Do you sometimes feel like you can’t ground yourself? What are you talking about Niclair? Today your feeling great, motivated, recharged, Tomorrow your back at the bottom struggling to bring purpose to your day. Well if that’s not you, awesome! Some people just always seem ready to bring the force! This is not me! Let me give you an example. Last week Thursday, I had a really good day. I was THE mom! I didn’t shout or raise my voice at the girls. We played and laughed together. They tried their hardest to play cooperatively and ate all their dinner without too much fuss! It was a GOOD day! And when I stepped into the shower that evening, all I could do was sing praises to God, because I had such a peace. I felt God’s presence with me all day. Fast forward to Friday…….it was dreadful! I started the day willing myself out of bed. I felt myself spiralling out of control all day. I ended Friday in tears as I stood in the shower, feeling guilty for not having a day like yesterday! I find myself constantly in this cycle so I prayed about it and told God this was an area I needed some help with. So lately, I have been working on some ways to help me keep a positive mindset and grateful attitude so that whatever drama the day brings, I am mentally prepared to take it on and not let it drag me down.

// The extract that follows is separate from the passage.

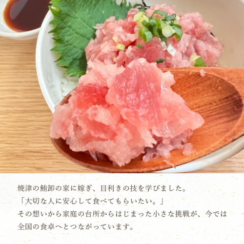 【説明】天然鮪のみを使用。油脂・ショートニングは不使用、酸化防止剤も最小限に抑え、まぐろ本来の旨みを大切に仕上げました。焼津の鮪卸の家に嫁ぎ、目利きの技を学んだ私が「大切な人に安心して食べてもらいたい」という想いでつくったネギトロです。解凍して混ぜるだけで、とろける食感と濃厚な旨みがふわりと広がり、食卓にちょっとした贅沢を添えてくれます。

Truth is, this happens a lot with me. I have an awesome day and then a horrendous day! Like…. what gives? And when I reflect on it. It wasn’t really a horrendous day, but I did have some ‘stuff’ on my heart that were a real burden. Instead of laying them at the feet of the one who says to us to give HIM everything, I carried it around all day. The weight of the burden on my mind was hindering my focus so much that I couldn’t even tune in to my worship music. It affected my mood and because my mood was off, everything else became out of balance.
I replayed the negativity continuously in my mind and so I couldn’t steer my thoughts on the goodness of God and HIS love for me. We sometimes do this thing where we put something down but it’s still in our sight, so it remains on our hearts weighing us down. And you know us moms, when something is there long enough we pick it back up.
How do you give something to God and make sure you leave it with HIM? Choose to pick up something else instead. When you go to the feet of Jesus, in prayer and you pour out your heart to HIM, i’m encouraging you make sure you leave with something when you get up. Not the same thing of course but something which he has offered to you….HIS unconditional love for us, the promise that HE is always with us and a reminder of HIS all- sufficient GRACE. A reminder to give yourself a little more grace and to offer those around you a little more grace. BE GRACIOUS.
For me, if something doesn’t go as planned, or I lose track of time or the girls did something that threw my day out of whack, I always get stressed. There I begin losing control and falling into that disappointed, negative mindset as I scramble to get my day back on track. And I am realizing that I put so much pressure on myself and the people closest to me, no wonder I get stressed! We all get stressed! I’m learning to be gracious!
I sometimes take my thoughts towards others and pretend as if it was Jesus saying the same to me: ”This is your last chance. It’s about time you get this right, Niclair !” And immediately I’m like Whoa… ummm Niclair, where’s the grace? I recall once being quite frustrated with Sarai and I asked ”Do you think you deserve a second chance? How many chances have I given you already?” And in that exact moment, I heard God echo those words in my heart! ”Niclair, do you think you deserve a second chance? How many chances have I given you already?” And I thought in my heart, Lord please don’t put a limit on it, because I know I’m going to need more!
I say that to say sometimes those around us, those closest to us could use a little more grace. For me as a mom of a powerhouse 5 year old and a spirited 2 year old, I tend to be very firm sometimes. Firm, because I love them and I know that these are the tender years and I want to make sure that I am teaching them wrong from right and how to do the responsible thing. Still, i’ve got to remind myself to be gracious with myself and with them. We are doing this together. They can’t do this thing without me and I can’t do it without them for sure!
One of the things I began to do, is wake up with worship music and have it playing in the mornings as we start our day. Well it has been working and I am so much better prepared for the day and the challenges it may bring. I even find that I feel more in charge and in control of my mood throughout the day. It’s also been beneficial to spend more time in the word of GOD. Setting aside time to meditate on God’s promises makes it easier to draw on them during the day when I need a little boost.
As I am writing, in the time I have allocated as ”my time to write”, Hannah is demanding that I go and get her some food 🙂 . So before I go, I want to leave with you these scriptures that encourage me:
2 Corinthians 12:9 – But he said to me, “My grace is sufficient for you, for my power is made perfect in weakness.” Therefore I will boast all the more gladly about my weaknesses, so that Christ’s power may rest on me.
Philippians 1:6- being confident of this, that he who began a good work in you will carry it on to completion until the day of Christ Jesus.